Consider yourself lucky, we've been fighting snow constantly 


Sent from my iPad using Tractor Forum


----------



## OldBuzzard (Jun 23, 2011)

Nice looking H16 you have there. If/when you get some snow, you will find that it will do a great job. Just remember to hand tighten the controlled differential knob on the left wheel hub, and it will be danged near unstoppable.

ETA:

Oh, Rim Guard in the rear tires, and a set of two link chains would help a lot also.


----------



## ftorleans1 (Jul 12, 2009)

Very nice set-up... I wish we could send some of our snow your way! We've had it with the white stuff!!! Last Thursday was the worst one yet. We had 8" of snow and approx. 5/8" of rain on top of it along with 1/4" of ice on the bottom.
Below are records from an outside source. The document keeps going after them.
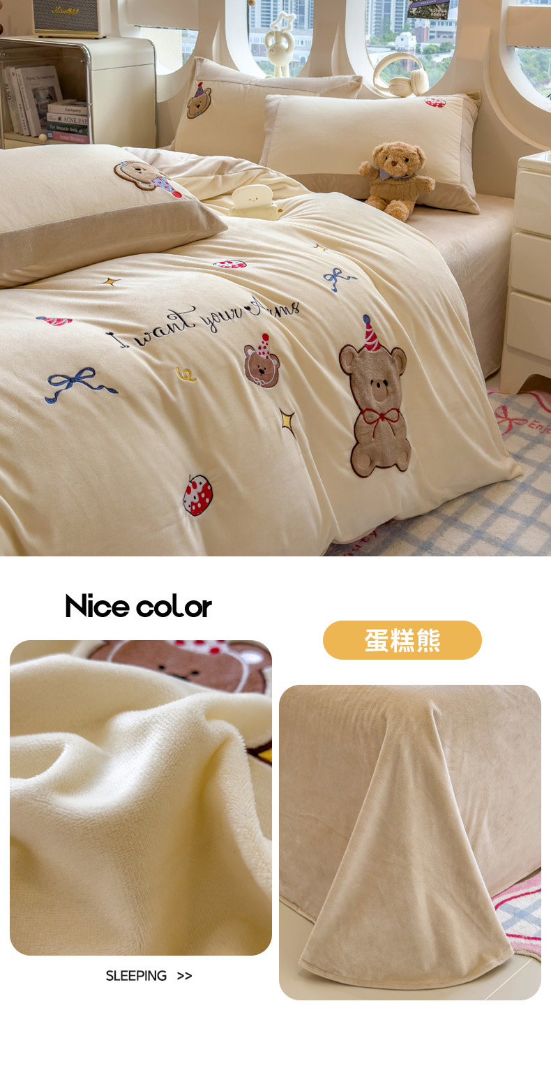 (总)席世家 2025新款婴儿绒贴布绣四件套,蛋糕熊,泡芙小羊,小女孩
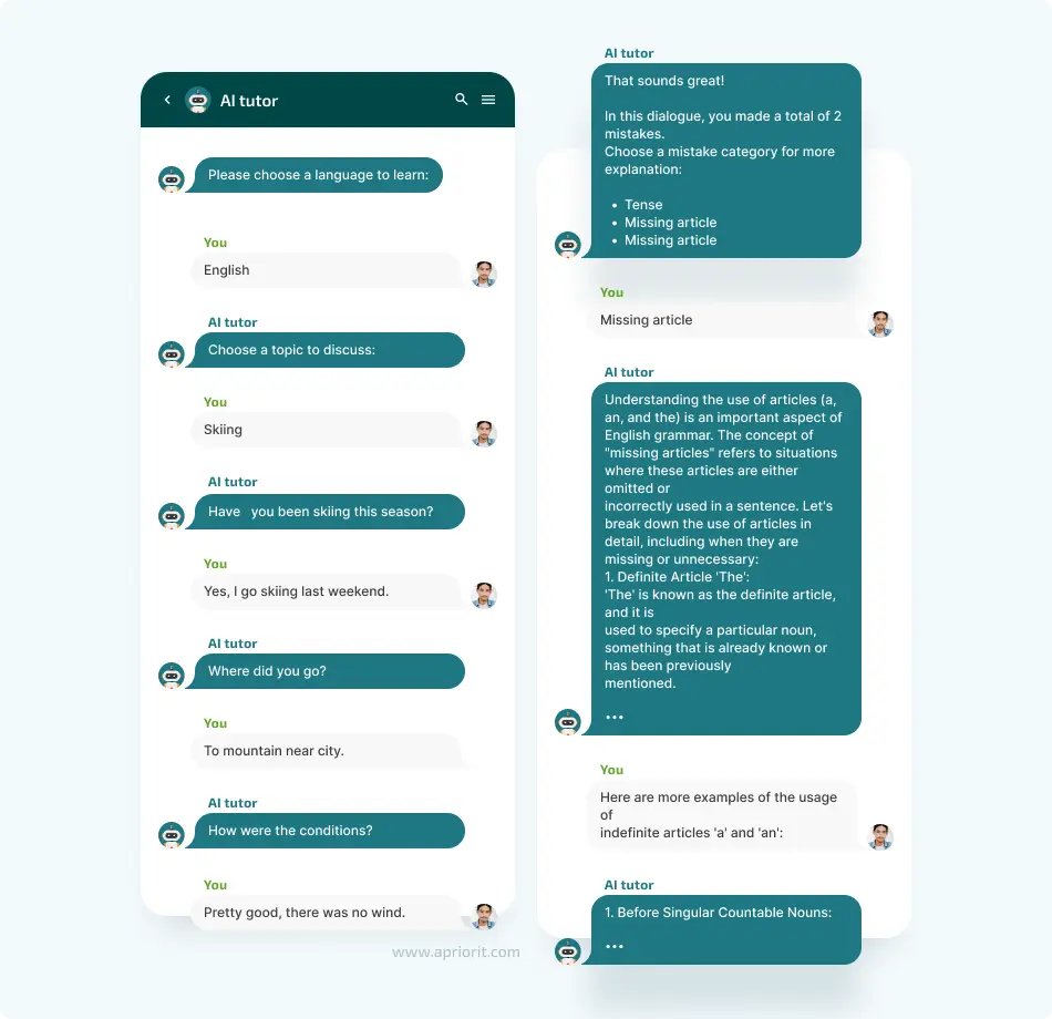 Example of an AI language tutor providing interactive guided learning and grammar feedback in an English conversation.
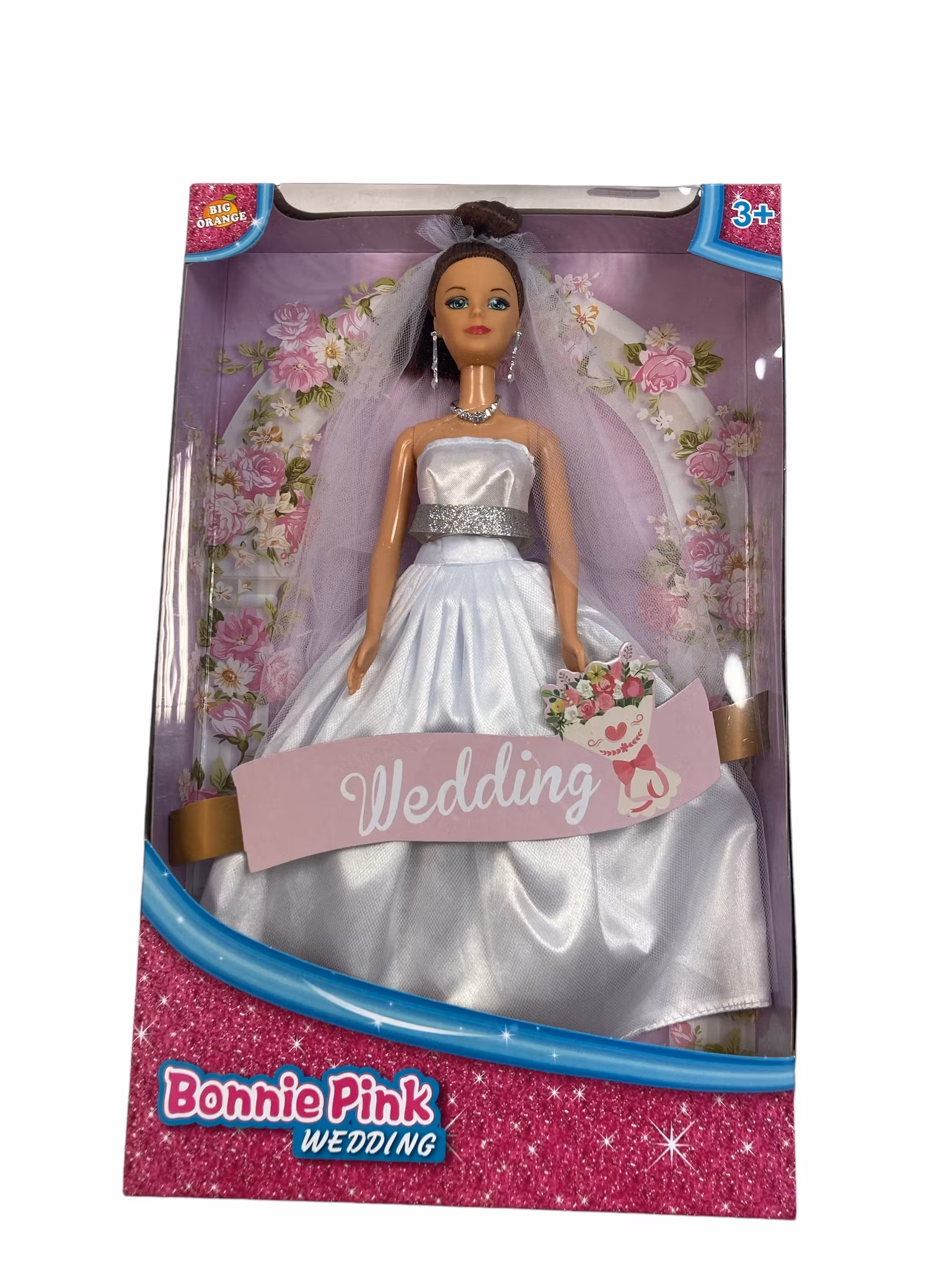 Barbie-liknande docka med brudklänning. Den finns i två varianter; mörkhårig med vit klänning och ljushårig med rosa klänning. Lämplig för barn över 3 år.
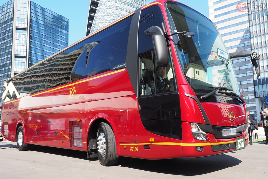 名鉄バスは2026年3月17日、新しいツアーブランド「遊山-yusan-」で使われる専用車両「LUVIA(ルヴィア)」をメディア向けに公開しました。ワインレッドの車体が美しいこのバスについて、担当者に話を聞いてきました。
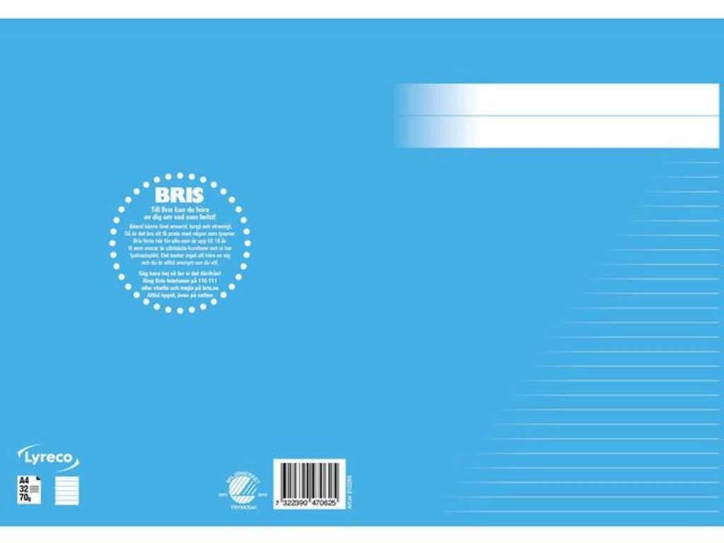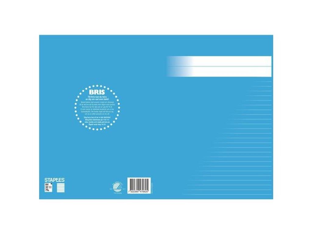 En stilren serie skriv- och räknehäften för alla åldrar. Linjerade, rutade och olinjerade varianter i olika storlekar och de härliga färger hjälper dig att skilja dem åt. Ett svanenmärkt, linjerat, skrivhäfte med 8,5mm linjeavstånd. I format A4. Tillsammans stödjer vi BRIS genom att 5 öre per sålt häfte ur denna serie går direkt till BRIS, Barnens Rätt i Samhället. - Format: A4 - Linjering: Linjerad - Linjeavstånd: 8,5mm - Gramvikt: 70g - Antal blad: 32 - Färg: Mellanblå - Svanen: Licensnummer 20410013 - BRIS: tillsammans stödjer vi BRIS Svanen: Licensnummer 20410013
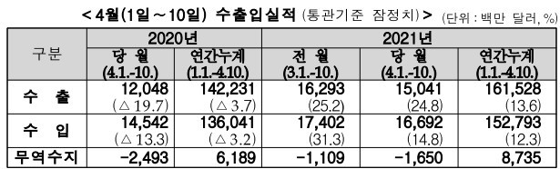 [더테크 뉴스] 4월 들어 10일까지의 수출이 지난해 같은 기관과 비교해 24.8%증가했다. 1일 평균수출액도 32.6%늘었다.
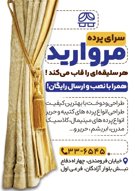طرح psd تراکت فروشگاه پرده با فرمت psd و قابل ویرایش در نرمافزار فتوشاپ بهصورت لایه باز توسط تیم طراحان طرح دات آی آر طراحی شده است. در نمونه تراکت پرده سرا از تصاویر و المانهای باکیفیت و متناسب با استاندارد چاپ استفادهشده، همچنین نکات مهم در طرح تراکت پرده سرا مانند رنگبندی، رعایت حاشیه، فاصلهها، فضای کافی برای درج متن، سایز و نوع فونت مناسب طراحی تراکت و ... رعایت گردیده است. طرح لایه باز تراکت فروشگاه پرده شامل عکس پرده میباشد که المانهای استفادهشده در طرح تراکت فروشگاه پرده قابلیت ویرایش، جابهجایی و تغییر سایز را دارا بوده و شما میتوانید متناسب باسلیقه خودتان نمونه تراکت پرده فروشی را ویرایش نمایید، همچنین با تغییر تصاویر و متنها میتوانید دانلود تراکت پرده سرا را به طرح تراکت کسب و کار مد نظر خود شخصی سازی نمایید.
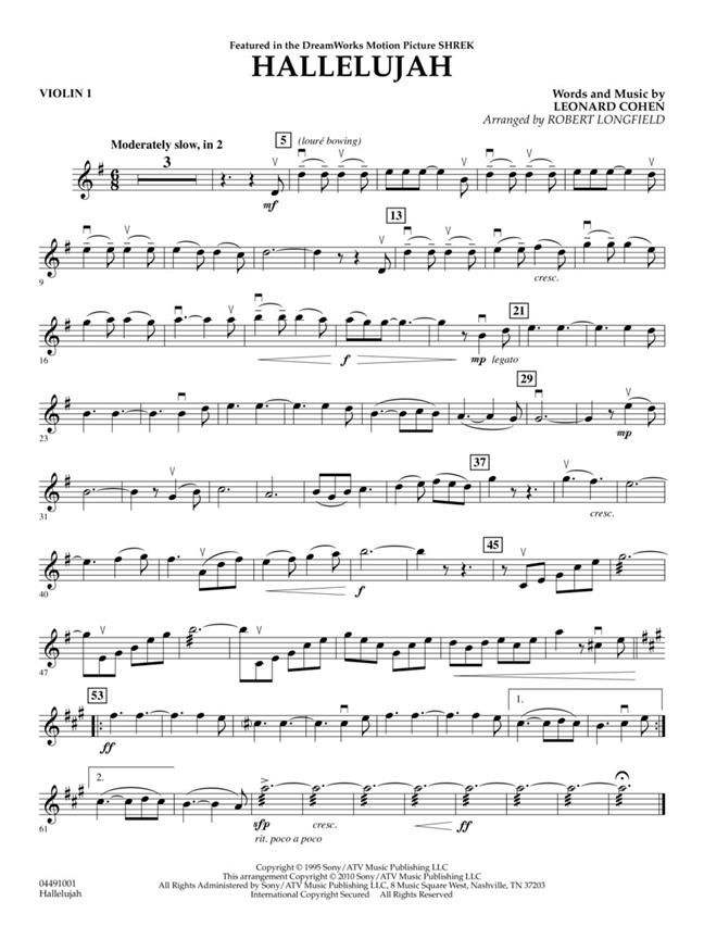 Download Digital Sheet Music Of Leonard Cohen Hallelujah For Violin

My Gravely 812 could barely move it. As shown, I have additional weights and chains on the rear. Considering how heavy a Gravely is, You can imagine how hard the slop was. The end result was approx. 1-1/2" of slush under the snow.


----------



## GTcollector (Dec 27, 2010)

Thats when you use the tiller to break up the ice, then plow/blow, lol


----------